The variables (mp,cp,heap,jjp, jjhp) are in the "internal mem" (i.e., the stack BRAM) and are accessible from the Jave code using the native methods RdIntMem and WrIntMem, so we only need to worry about doing a "jmp invoke_main" with the mp in TOS. By examining the microcode, we see that "push mp. jmp invoke_main" is equivalent to "push mp[0], jmp invoke." and "invoke" is already a native method.
[edit] Integrating the OC_DDR project
I reverted to the OC_DDR project as a basis for my DDR. Plasma does not use DCMs, and therefore runs the DDR at 25Mhz, without the DLL, The manufacturer states that this mode is unsupported, so I decided to try to use DCMs and a 100Mhz clock. This requires interesting settings in hte UCF file and in other places. Initially, the 100Mhz clock is used only within the DDR controller. The rest of JOP runs at 50Mhz. Given my primitive understanding of VHDL and FPGA design, I decided to decompose the problem. First, I implemented the standaline DDR project: this worked. Then, I modified the standalone project to perform alternating reads and writes instead of continuous writes followed by continuous reads, since the original code did not make it clear how to terminate a command. Then, I moved the entire DDR test into my JOP FPGA, converting the LED output of the oc_ddr into a status word that is read via a interface. I worte a "bootloader" that reads this word and displayes it to the LEDs. This dummy simpcon interface within oc_ddr runs at 50Mhz while the rest runs at 100Mhz. This worked. This shows that all the elaborate DCM and UCF stuff was synthesized correctly even when the FPGA is much more fully populated that it was with the simple test, and that the JOP functionality and the DDR functionality are both functional. I can now implement and debug the real simpcon interface without worrying about these other issues. I wanted to isolate this step because I have never tried to bridge between two clock domains before.
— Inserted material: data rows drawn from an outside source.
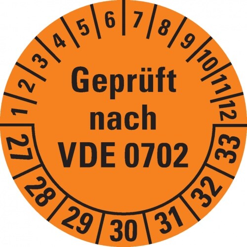 Dreifke Prüfplakette geprüft n. VDE 0702,27-33,orange,Dokumentenfolie,Ø30mm,108/Heft
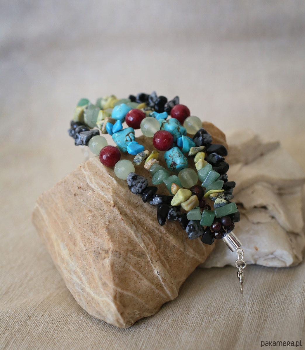 Bransoletka w stylu boho, wykonana z różnobarwnych koralików półszlachetnych, w tonacji wielobarwnej. Zapięcie ze stali w kolorze srebra. Pasuje na nadgarstek o obwodzie 15-16 cm.
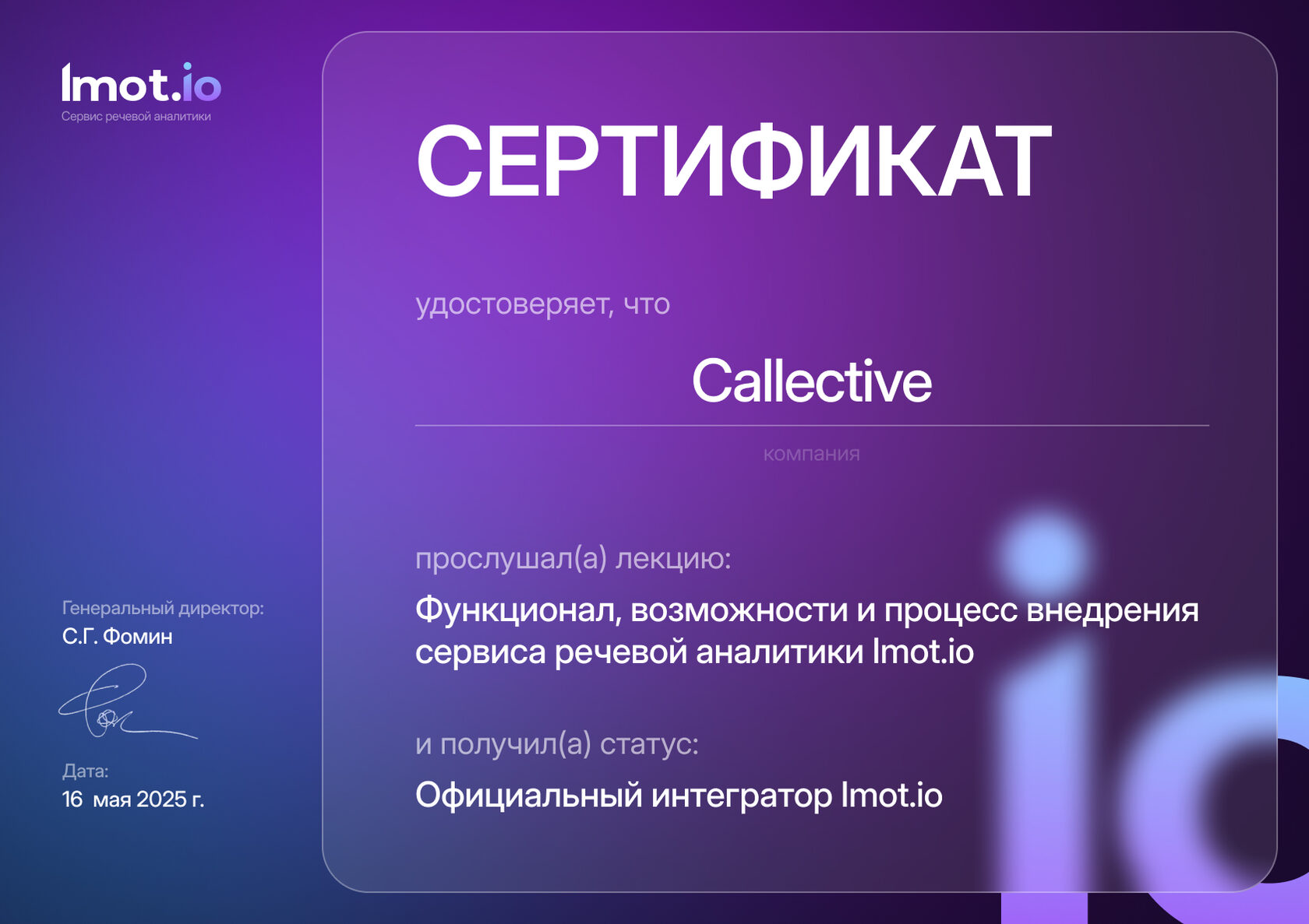 Компания Callective является официальным интегратором платформы с правом на продажу, внедрение и интеграцию продуктов imotio.
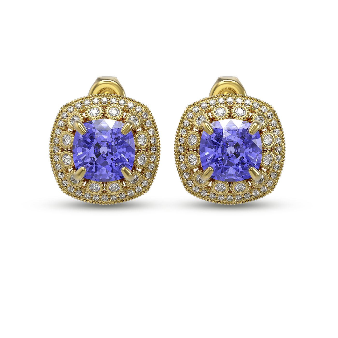 SKU: 43987 ---- 12.99 ctw Tanzanite & Diamond Victorian Earrings 14K Yellow Gold
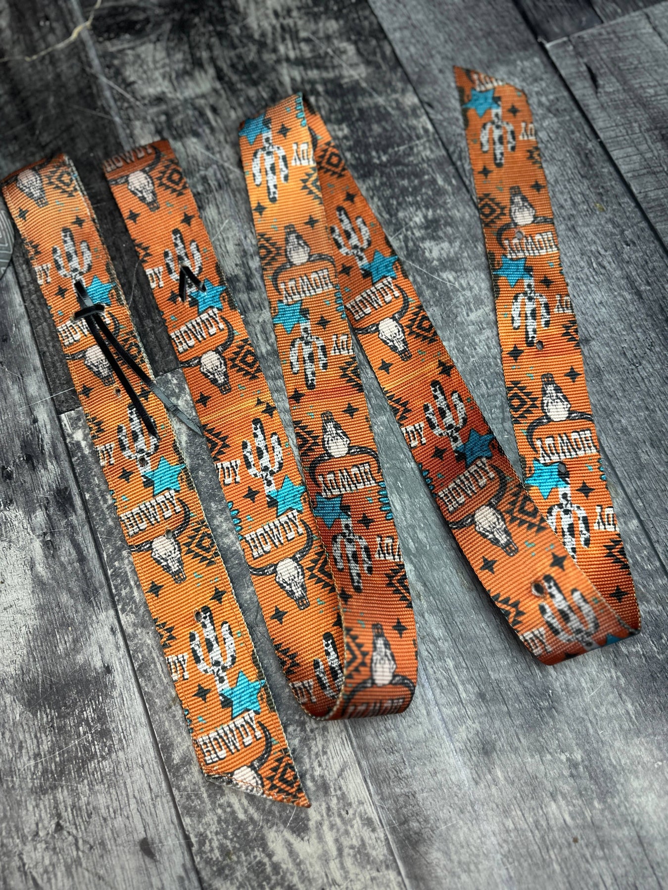 Saddle up with a little extra swagger—the Howdy Nylon Latigo & Off Billet Set brings the grit and the glam. With a bold burnt orange Howdy pattern printed all over, this set ain’t just built tough—it’s got that punchy Western flair that stands out in any rig.

Since the internal DDR interface timing is not well documented, I derived it by experiment, coed analysis, and observation. The result is extremely conservative and is therefore quite slow,with no attempt at pipelining. I intend to get teh simpcon interface working before I try to optimize it.
[edit] Clock domain crossing
I continue to struggle with the DDR interface. My various random solutions are failing, and I'm reasonably sure the problem relates to crossing the clock domain boundary. I finally decided to search the web, and I found many refrences to a circuit called "the flancter," by Rob Weinstein. I'm reasonably sure I am properly registering the actual data, so I only need a single "my turn, your turn" signal, and the flancter appears to provide this nicely, so I will try this. If I can eventually speed JOP up to at least 70Mhz, I can shift to a synchronous design avoid the problem, but the asynchronous approach is more flexible adn I hope it will let be get operational.
In sober consderation. I may be able to just use a single flip-flop: set it on the rising edge of the simpcon "set" signal, and clear it based on the level of the oc_ddr "clear" signal. This works because the handshake is quite long in this design, so the two transitons will never occur during a single cycle of either machine. I wil try this first, andmove to the flancter only if needed.